Je me pose la question pour les adjectifs numéraux, placés eux aussi devant le sujet. _Vingt mille lieues sous les mers_, _Cent ans de solitude_, _Dix petits nègres_... Pour moi, on devrait écrire _Vingt Mille Lieues sous les mers, Cent Ans de solitude_ et _Dix Petits Nègres_, mais je ne trouve quasiment aucune occurrence de ses écritures (même "petits" n'est pas capitalisé) sur des sites pourtant sérieux et souvent rigoureux. Y a-t-il une subtilité dont je n'aurais pas connaissance ? 

Merci !


----------



## jekoh

PoorLeno said:


> les titres d’œuvres prennent des majuscules 1) au premier mot 2) au sujet 3) aux adjectifs s'ils sont devant le sujet. Du genre _Le Petit Prince_ mais _Le Banquier anarchiste_.

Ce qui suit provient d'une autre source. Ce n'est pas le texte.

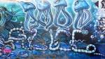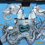 En commençant à s’élever dans les ruelles, on tombe sur la fresque suivante, toujours dans les tons bleus, dissimulée dans la petite rue Doumet, sans doute la plus engagée sous ses airs bon enfant : c’est l’œuvre de Pedro et Kasy K (100 pression), baptisée Exodus, en référence au bateau, qui, en 1947, quitta le port de Sète, avec à son bord des Juifs émigrant clandestinement d’Europe vers la Palestine, alors sous mandat britannique. Le bateau prend ici la forme d’un cétacé, avec à son bord des animaux comme une arche de Noé, mais aussi un pirate et un Georges Brassens fumant la pipe, belle synthèse des différentes faces de Sète (à voir dans le diaporama) !
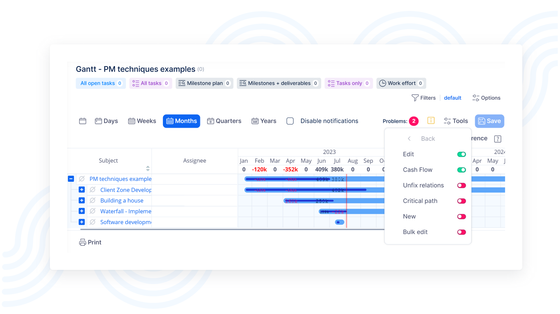Seuraa helposti käteisvirtaa projektissasi käyttämällä Cashfows-liitännäistä. Aktivoi se Gantt-kaaviossasi saadaksesi nopean yleiskuvan suunnitelluista ja todellisista käteisvirroista ajan kuluessa globaalilla ja projektitasolla.
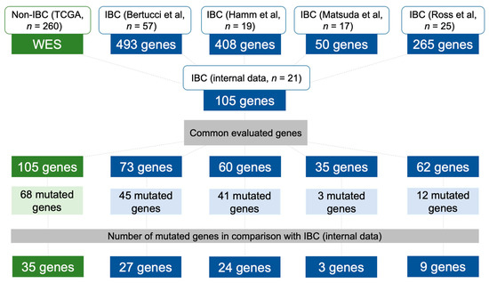 Diagram showing the datasets used to compare the mutational profile of non-IBC and IBC cases with our IBC patients. The total number of genes evaluated by each study, the number of genes in common in relation to our study, the mutated genes per study, and the number of common mutated genes compared to our cases are depicted. WES: whole-exome sequencing.

Les points 2 et 3 ne s'appliquent que si le titre commence par un article défini.


----------



## Maître Capello

Exactement. Il est donc recommandé d'écrire :

_Le Petit Prince
Le Banquier anarchiste
Le Bon Usage
La Chartreuse de Parme
Les Fleurs du mal_

Mais :

_Vingt mille lieues sous les mers
Cent ans de solitude
Dix petits nègres
Un amour de Swann_


----------



## PoorLeno

Tout s'explique ! Rien à voir avec l'adjectif numéral en fait. Merci !

Du coup, on écrira _Les *Q*uatre *C*ents *C*oups_, j'imagine ?

Edit : 

Je me permets d'abuser un peu, j'ai relu le sujet du coup (merci d'avoir déplacé mon post) et j'ai tiqué sur un point :

Chaque élément d'un titre coordonné par _ou_ ou par _et_ prend la majuscule, particulièrement lorsqu'il y a une symétrie ou une opposition (_Le Rouge et le Noir_, _La Belle et la Bête_).

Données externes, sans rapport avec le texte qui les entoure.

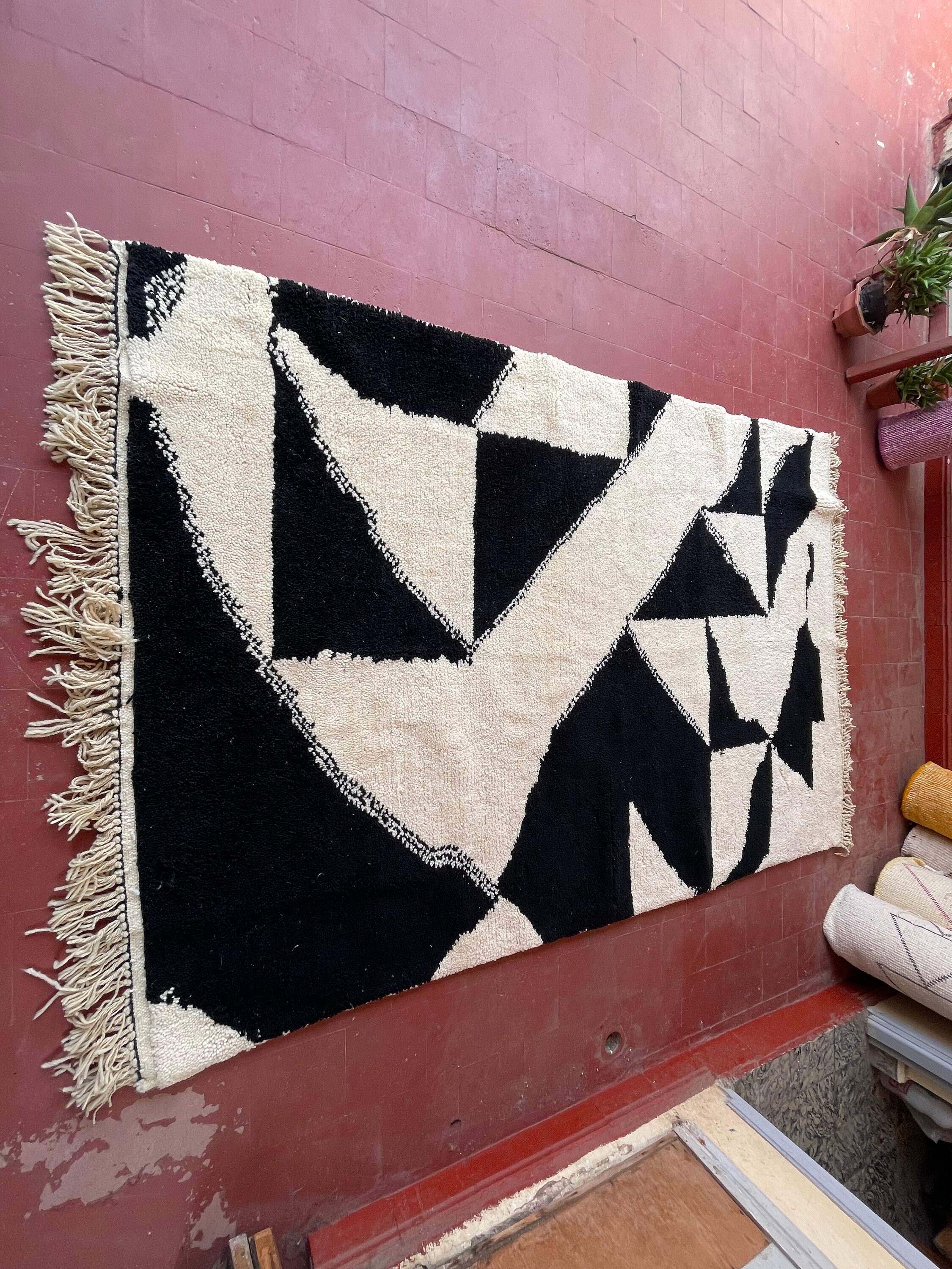 "Transform your home with a piece of Moroccan heritage that exudes both elegance and warmth 🌟. Whether placed under your sofa 🛋️, in your bedroom 🛏️, or even as a wall hanging 🖼️, these rugs invite a sense of history, style, and comfort 🧶✨. Explore our full collection of Beni Ourain, Azilal, and Boucherouite rugs for unique pieces that tell a story 📚💫."

Quid de _La Ville et les chiens (Chiens) _? Instinctivement je n'avais pas mis de majuscule parce qu'il n'y a visiblement ni symétrie ni opposition, mais votre règle semble indiquer que c'est automatique.


----------



## Maître Capello

On écrit bien _Les Quatre Cents Coups_, de même que _Les Trois Mousquetaires_.

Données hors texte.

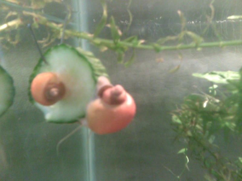 πρίν απο λίγες μέρες άρχισα να δοκιμάζω διάφορα λαχανικά στα apple snails ...τους έβαλα καρότο , μαρούλι , μπρόκολο....τα τιμούσαν όλα μα με αυτο που μόλις το βάλω σε 10 λεπτα το έχουν περικυκλώσει όλα είναι το αγγούρι ... να μερικές φωτογραφίες

Quant à _La Ville et les chiens_, il n'y a en effet pas vraiment d'opposition ni de symétrie entre _ville_ et _chiens_, donc pas de bonne raison d'écrire _chiens_ avec une majuscule.


----------



## PoorLeno

Dans ce cas nous sommes d'accord, comme souvent 

Merci encore !


----------



## PoorLeno

Pardon d'en remettre une couche mais je me pose chaque fois des questions supplémentaires au fil de mes corrections, et là je ne trouve pas la réponse.

Quid de _René ou la vie de Chateaubriand _(André Maurois) ?

La logique voudrait qu'on mette une majuscule à "vie", pour moi il y a symétrie (type _Candide ou l'Optimisme_) mais je ne trouve pas de résultat allant dans ce sens. Seule la BNF opte pour _René ou *L*a vie de Chateaubriand _(BnF Catalogue général) qui me semble assez hasardeux.


----------



## Maître Capello

Dans ces deux cas, je ne mettrais personnellement pas de majuscule au substantif qui suit la conjonction de coordination, car je n'y vois nulle opposition ou symétrie :

_René ou la vie de Chateaubriand
Candide ou l'optimisme_


----------



## PoorLeno

Merci de votre réponse !

Mais sans appeler ça une symétrie je trouve quand même qu'il y a une distinction entre deux titres par ce "ou" qui les souligne. 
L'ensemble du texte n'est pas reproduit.